Decentralized Privacy-Preserving Proximity Tracing
- Developed by: École Polytechnique Fédérale de Lausanne; ETH Zurich; KU Leuven; Delft University of Technology; University College London; Helmholtz Centre for Information Security; University of Torino; ISI Foundation; INESC TEC;
- Introduced: April 4, 2020
- Industry: Digital contact tracing
- Compatible hardware: Android & iOS smartphones
- Physical range: ~10 m (33 ft)
- Website: https://github.com/DP-3T/documents

= Decentralized Privacy-Preserving Proximity Tracing =

Proximity contact tracing protocol

Decentralized Privacy-Preserving Proximity Tracing (DP-3T, stylized as dp^{3}t) is an open protocol developed in response to the COVID-19 pandemic to facilitate digital contact tracing of infected participants. The protocol, like competing protocol Pan-European Privacy-Preserving Proximity Tracing (PEPP-PT), uses Bluetooth Low Energy to track and log encounters with other users. The protocols differ in their reporting mechanism, with PEPP-PT requiring clients to upload contact logs to a central reporting server, whereas with DP-3T, the central reporting server never has access to contact logs nor is it responsible for processing and informing clients of contact. Because contact logs are never transmitted to third parties, it has major privacy benefits over the PEPP-PT approach; however, this comes at the cost of requiring more computing power on the client side to process infection reports.

The Apple/Google Exposure Notification project is based on similar principles as the DP-3T protocol, and supports a variant of it since May 2020. Huawei added a similar implementation of DP-3T to its Huawei Mobile Services APIs known as "Contact Shield" in June 2020.
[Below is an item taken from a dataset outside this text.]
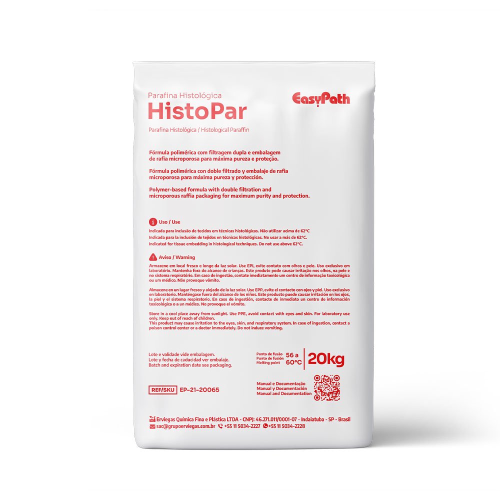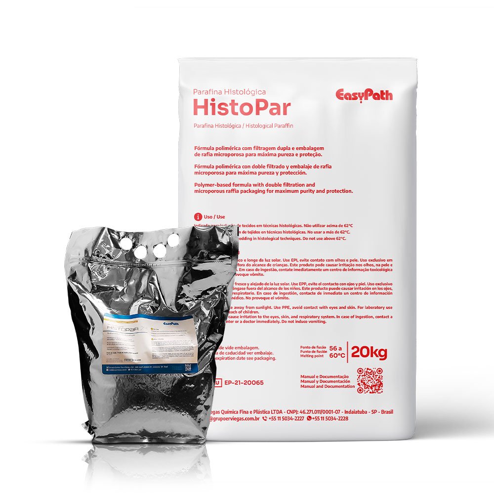 Adquira a Parafina Histológica Granulada HistoPAR disponível em embalagens de 2 kg e 20 kg. Produto certificado EasyPath, desenvolvido para laboratórios que precisam de resultados consistentes em histologia e histopatologia. Solicite sua cotação online sem custo agora mesmo.
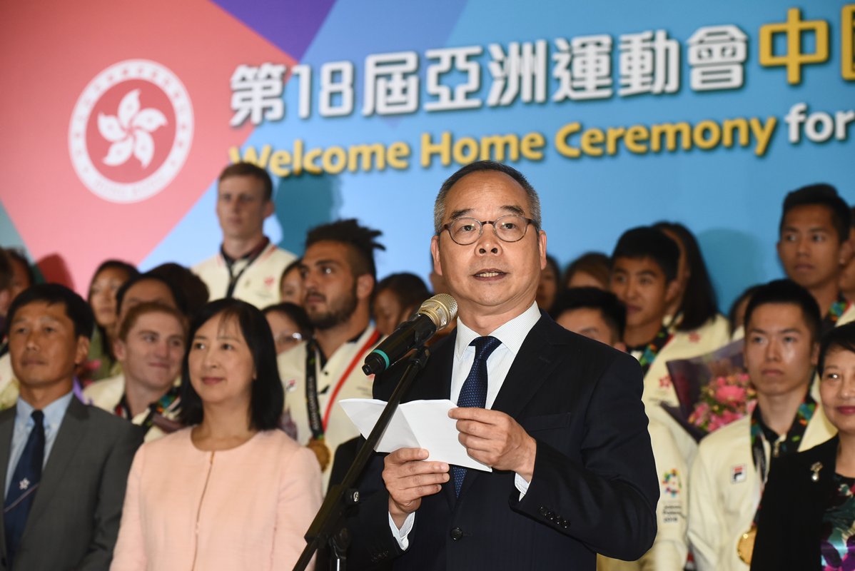 在印尼雅加達舉行的第18屆亞運會閉幕,香港代表團抵港。 民政事務局局長劉江 ...

The DP-3T SDK and calibration apps intend to support the Apple/Google API as soon as it is released to iOS and Android devices.

On the 21 April 2020, the Swiss Federal Office of Public Health announced that the Swiss national coronavirus contact tracing app will be based on DP-3T. On the 22 April 2020, the Austrian Red Cross, leading on the national digital contact tracing app, announced its migration to the approach of DP-3T. Estonia also confirmed that their app would be based on DP-3T. On April 28, 2020, it was announced that Finland was piloting a version of DP-3T called "Ketju". In Germany, a national app is being built upon DP-3T by SAP SE and Deutsche Telekom alongside CISPA, one of the organisations that authored the protocol. As of September 30, 2020, contact tracing apps using DP-3T are available in Austria, Belgium, Croatia, Germany, Ireland, Italy, the Netherlands, Portugal and Switzerland.

== Overview ==
The DP-3T protocol works off the basis of Ephemeral IDs (EphID), semi-random rotating strings that uniquely identify clients. When two clients encounter each other, they exchange EphIDs and store them locally in a contact log. Then, once a user tests positive for infection, a report is sent to a central server. Each client on the network then collects the reports from the server and independently checks their local contact logs for an EphID contained in the report. If a matching EphID is found, then the user has come in close contact with an infected patient, and is warned by the client. Since each device locally verifies contact logs, and thus contact logs are never transmitted to third parties, the central reporting server cannot by itself ascertain the identity or contact log of any client in the network. This is in contrast to competing protocols like PEPP-PT, where the central reporting server receives and processes client contact logs.

== Ephemeral ID ==

A diagram demonstrating how the different components of the Ephemeral ID algorithm feed into each other

Similar to the TCN Protocol and its Temporary Contact Numbers, the DP-3T protocol makes use of 16 byte Ephemeral IDs (EphID) to uniquely identify devices in the proximity of a client. These EphIDs are logged locally on a receiving client's device and are never transmitted to third parties.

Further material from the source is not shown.